= Narwietooma Station =

Pastoral lease in Northern Territory

Narwietooma Station, most commonly known as Narwietooma, is a pastoral lease that operates as a cattle station in the Northern Territory of Australia. It is on the traditional lands of the Western Arrernte and Anmatyerr people who are the recognised Native Title holders of large sections of land that make up the station.

It is a part of the Local Government Area of the MacDonnell Region Council.

== Property ==
It is situated about 80 km north of Hermannsburg and 139 km west of Alice Springs, and is bordered by the West MacDonnell National Park close to Ormiston Gorge. Narwietooma is surrounded by other leases including Glen Helen Station to the south west, Derwent Station to the west, Napperby Station to the north and Amburla to the east, and the West MacDonnell National Park to the south.

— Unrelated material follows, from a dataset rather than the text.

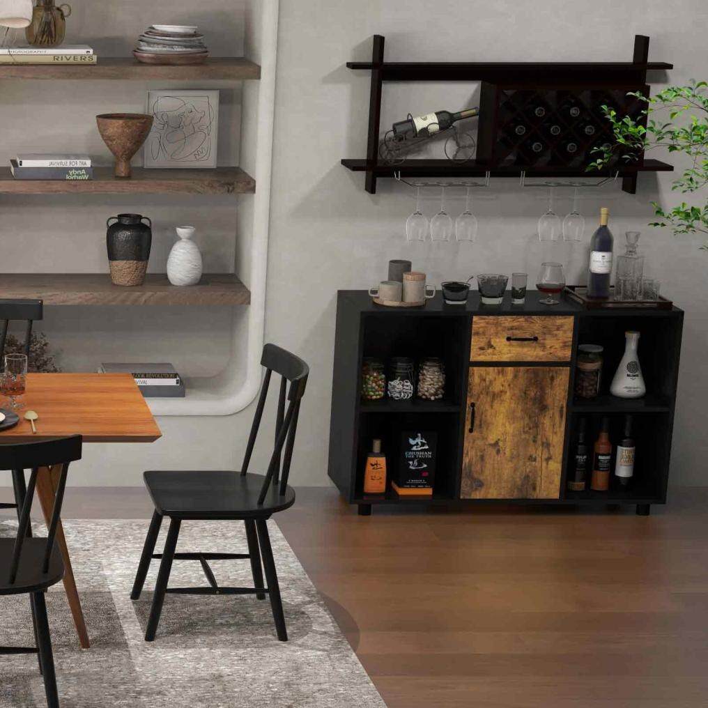 ● Smart Storage Solutions: Enjoy ample storage with the sideboard’s open cubbies, drawer, and cabinet, plus additional utility from the wine rack’s 10-bottle capacity and stemware holders. Ideal for organized living.

The property occupies an area of 3000 km2 and has a carrying capacity of approximately 17,000 head of cattle depending on the season. It is fenced into 80 separate paddocks and is watered by 60 bores and 35 dams.

== History ==
Part of the area that Narwietooma Station covers was first spasmodically occupied by Archibald "Archie" Giles as a part of Redbank Station.

The Narwietooma pastoral lease was first established in 1942 by a partnership between Edward Connellan, who was raised on Narwie Station, NSW, and F. O'Keefe, who owned a property named Tooma; the name of the lease was a portmanteau of the names of the other two properties.

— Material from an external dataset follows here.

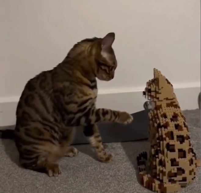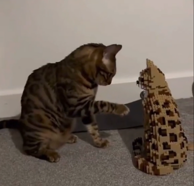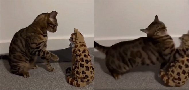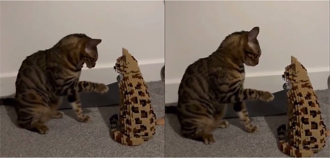 거실 한켠, 고양이 두 마리가 앉아 있습니다. 그런데 뭔가 이상하죠? 자세히 보면 한 마리는 부드러운 털을 갖고 있고, 다른 한 마리는 뚝뚝 끊기는 블록이.. 네, 바로 레고로 만든 고양이입니다. 진짜 고양이와 털 색깔, 무늬가 매우 비슷한데요. 레고 친구를 발견한 고양이는 악수를 청하듯 앞발을 들어 올립니다.

Connellan was an experienced pilot, and later established Connellan Airways in 1943. He picked out the land for the station in 1938 when doing aerial surveys to assess the viability of an air service.

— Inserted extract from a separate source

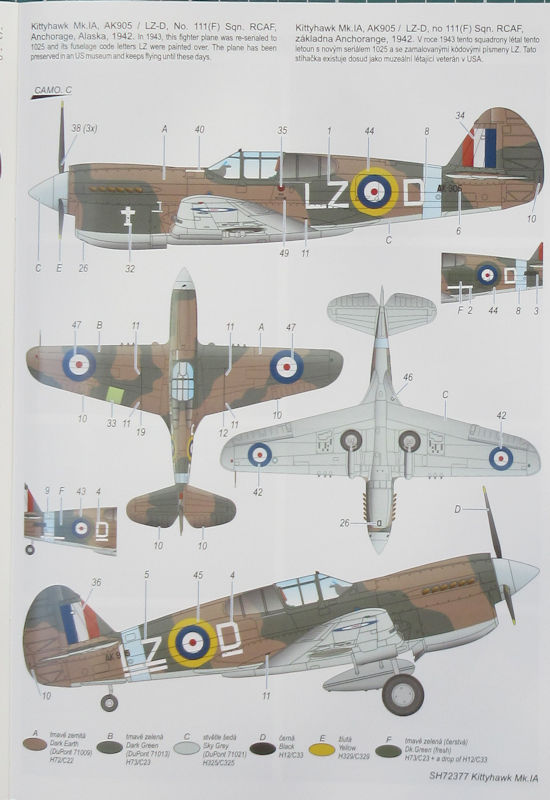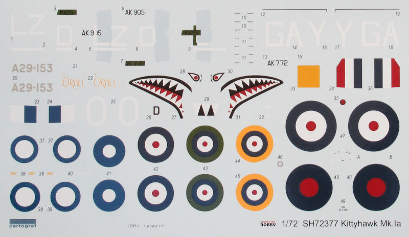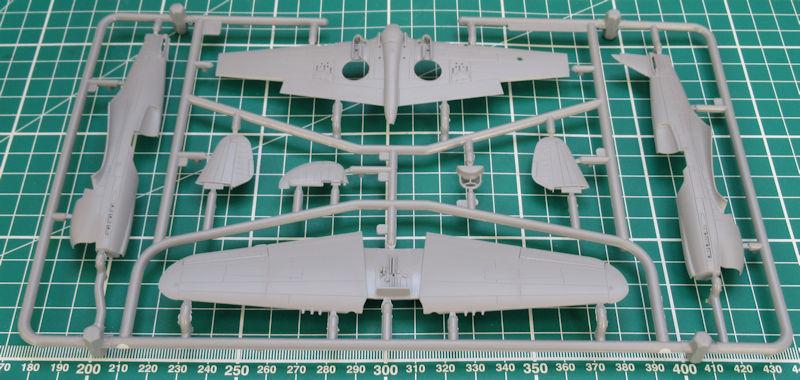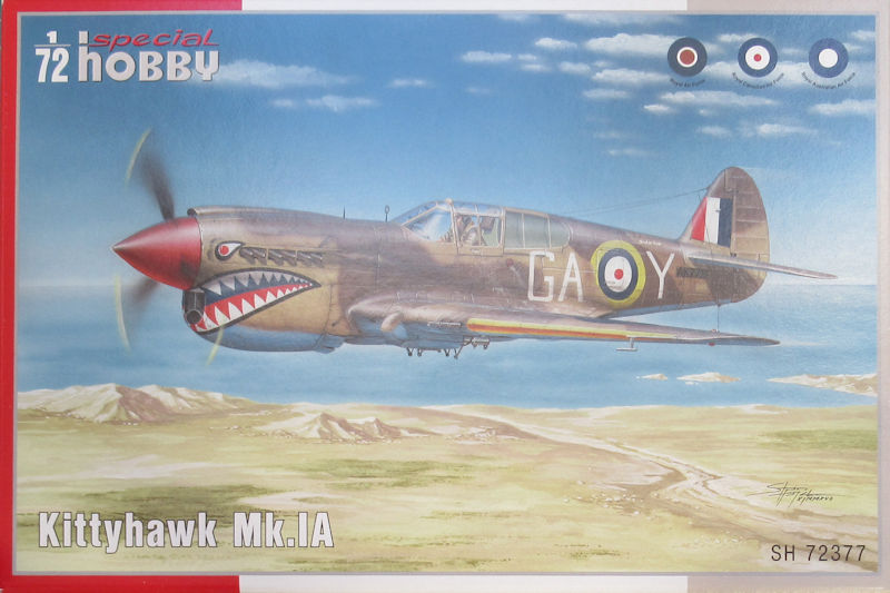 Bausatz: Die Curtiss Kittyhawk Mk. IA im Maßstab 1/72 ist ein neuer gut gemachter Bausatz von special hobby aus Tschechien. In dem attraktiven praktischen Stülpkarton befinden sich gut verpackt zwei hellgraue Spritzlinge mit 73 Teilen, ein Klarsichtrahmen mit sieben Teilen, ein Decalbogen und die mehrfarbige Bau- und Bemalungsanleitung. Ein paar Teile sind für andere Varianten bestimmt und wandern in die Restekiste.

Following the death of his partners, Connellan acquired complete ownership of Narwietooma in 1946. He sank the first bore in 1947 and began grazing cattle in 1948. His family moved to the property in 1955 and Connellan supervised all station work. Records about Connellan's application for the lease (A650, 1944/1/551) and his period of time at the station (E740, P86) are held by the National Archives of Australia.

In 2022 to Hewitt Cattle Australia bought the property from Tim and Emily Edmunds, operating as Hale River Holdings, as a part of a Certified Organic beef enterprise alongside the adjoining Napperby, Glen Helen and Derwent stations; they had previously purchased the nearby Ambalindum and Numery pastoral leases from the same owners. It is now part of one of the largest organic land parcels in the world.

== Native Title ==
The Native Title of sections of this land was recognised in 2016 through native title consent determinations at special sittings of the Federal Court. The native title holders are Western Arrernte and Anmatyerr speakers and belong to the Imperlknge, Urlatherrke, Parerrule, Yaperlpe, Urlampe, Lwekerreye and Ilewerr landholding groups and people who have rights and interests in the area of land known as Kwerlerrethe.

The Wala Aboriginal Corporation are the registered Native Title body corporate that holds their rights and interests.